- Task to complete: Make an exact copy of the listing underneath, skipping each picture.

- Source material:
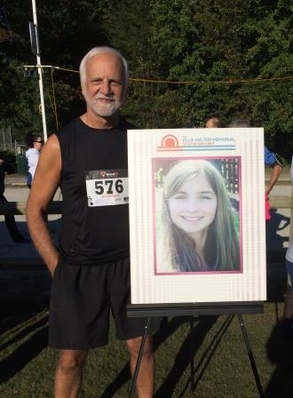 With all the kids and grandkids I've got, these are good things to know. Mind ... heart ... hands. That's really what this 5K was about. Alone, there's not much we can do. Together, we can change the world. Todd and Karen chose one of my favorite verses from one of my favorite New Testament books as their theme verse for the race: "Let us run with perseverance the race marked out for us" (Heb. 12:1). Today I witnessed genuine Christian community at work. The church, someone once said, should consist of communities of loving defiance. That's how Ellie's parents are facing their sorrow. Yes, they experienced loss. Yes, someone they loved dearly died. But that doesn't mean that God's plan has been ruined. He knows each of us by name. He has a personal love for each and every one of us. When He cried "Zaccheus," here at last we saw a man who really cared for people as individual persons. It is equally significant that Jesus calls us into community. We live in an age of great individuality, but today Todd and Karen took their grief public, so to speak, hoping to leverage their tragedy for good. It's not surprising that followers of Jesus are often eager to do this. Every particle of this world has been polluted by the sin of man and is under the hand of the Evil One. Yet Christ has ushered in a new creation -- "creation healed," in the memorable words of theologian Hans Küng. Ellie is now in heaven, but perhaps God can use her death as a means of helping other children in households all across America and the world. I've been praying really hard that this event will reach its goal of being able to fund the Chair of Research in Honor of Ellie Helton. I do pray it did. As for me, I'm so glad I came today. It was a joy to meet and speak with Todd and Karen. It's obvious that both of them are relying on a Power greater than themselves to give them the strength and resolve needed to overcome their loss. Running these 5Ks has taught me so much about myself. They've taught me that I can go farther than I ever thought I could. Running has equipped me with the resolve and endurance I've needed to rebuild my broken life after Becky's death that had me in its grip. Of course, the race wasn't easy -- it never is when it's held at my all-time nemesis venue: The WakeMed Soccer Park. During the race my legs kept begging for rest, but their cries fell on deaf ears. Even if it meant crawling over the finish line, I wasn't going to stop and rest. Indeed, the race came down to what Heb. 12:1 says the Christian life comes down to: perseverance. And that's a lesson we can all learn. Below: Here I am with a picture of Ellie, remembered for being a "vibrant, loving 14-year old."
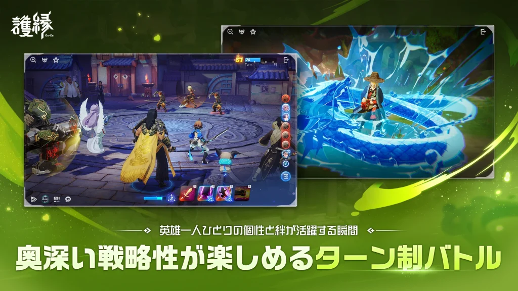 従来のRPGだと、アクションRPGとターン制RPGに分かれますが、「護縁」は両方のバトルシステムを兼ね備えています。
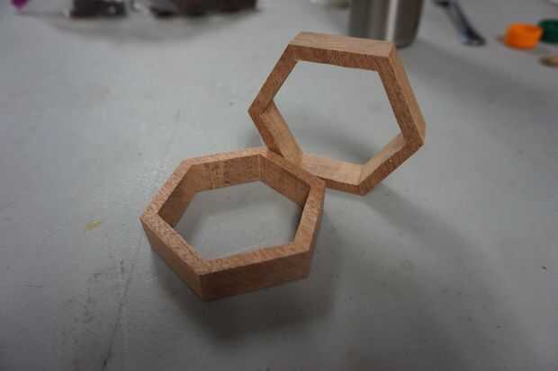 Más simple, pero más delicado hacía las paredes internas. En primer lugar creé dos anillos hexagonales de caoba por impresión de la forma sería hecha en Illustrator, fijar el papel a un bloque de madera con spray adhesivo y luego cortarlo hacia fuera en una sierra de contornear. Se necesita práctica para obtener lo suficientemente precisa para esto.

- Written response:
 With all the kids and grandkids I've got, these are good things to know. Mind ... heart ... hands. That's really what this 5K was about. Alone, there's not much we can do. Together, we can change the world. Todd and Karen chose one of my favorite verses from one of my favorite New Testament books as their theme verse for the race: "Let us run with perseverance the race marked out for us" (Heb. 12:1). Today I witnessed genuine Christian community at work. The church, someone once said, should consist of communities of loving defiance. That's how Ellie's parents are facing their sorrow. Yes, they experienced loss. Yes, someone they loved dearly died. But that doesn't mean that God's plan has been ruined. He knows each of us by name. He has a personal love for each and every one of us. When He cried "Zaccheus," here at last we saw a man who really cared for people as individual persons. It is equally significant that Jesus calls us into community. We live in an age of great individuality, but today Todd and Karen took their grief public, so to speak, hoping to leverage their tragedy for good. It's not surprising that followers of Jesus are often eager to do this. Every particle of this world has been polluted by the sin of man and is under the hand of the Evil One. Yet Christ has ushered in a new creation -- "creation healed," in the memorable words of theologian Hans Küng. Ellie is now in heaven, but perhaps God can use her death as a means of helping other children in households all across America and the world. I've been praying really hard that this event will reach its goal of being able to fund the Chair of Research in Honor of Ellie Helton. I do pray it did. As for me, I'm so glad I came today. It was a joy to meet and speak with Todd and Karen. It's obvious that both of them are relying on a Power greater than themselves to give them the strength and resolve needed to overcome their loss. Running these 5Ks has taught me so much about myself. They've taught me that I can go farther than I ever thought I could. Running has equipped me with the resolve and endurance I've needed to rebuild my broken life after Becky's death that had me in its grip. Of course, the race wasn't easy -- it never is when it's held at my all-time nemesis venue: The WakeMed Soccer Park. During the race my legs kept begging for rest, but their cries fell on deaf ears. Even if it meant crawling over the finish line, I wasn't going to stop and rest. Indeed, the race came down to what Heb. 12:1 says the Christian life comes down to: perseverance. And that's a lesson we can all learn. Below: Here I am with a picture of Ellie, remembered for being a "vibrant, loving 14-year old."
 従来のRPGだと、アクションRPGとターン制RPGに分かれますが、「護縁」は両方のバトルシステムを兼ね備えています。
 Más simple, pero más delicado hacía las paredes internas. En primer lugar creé dos anillos hexagonales de caoba por impresión de la forma sería hecha en Illustrator, fijar el papel a un bloque de madera con spray adhesivo y luego cortarlo hacia fuera en una sierra de contornear. Se necesita práctica para obtener lo suficientemente precisa para esto.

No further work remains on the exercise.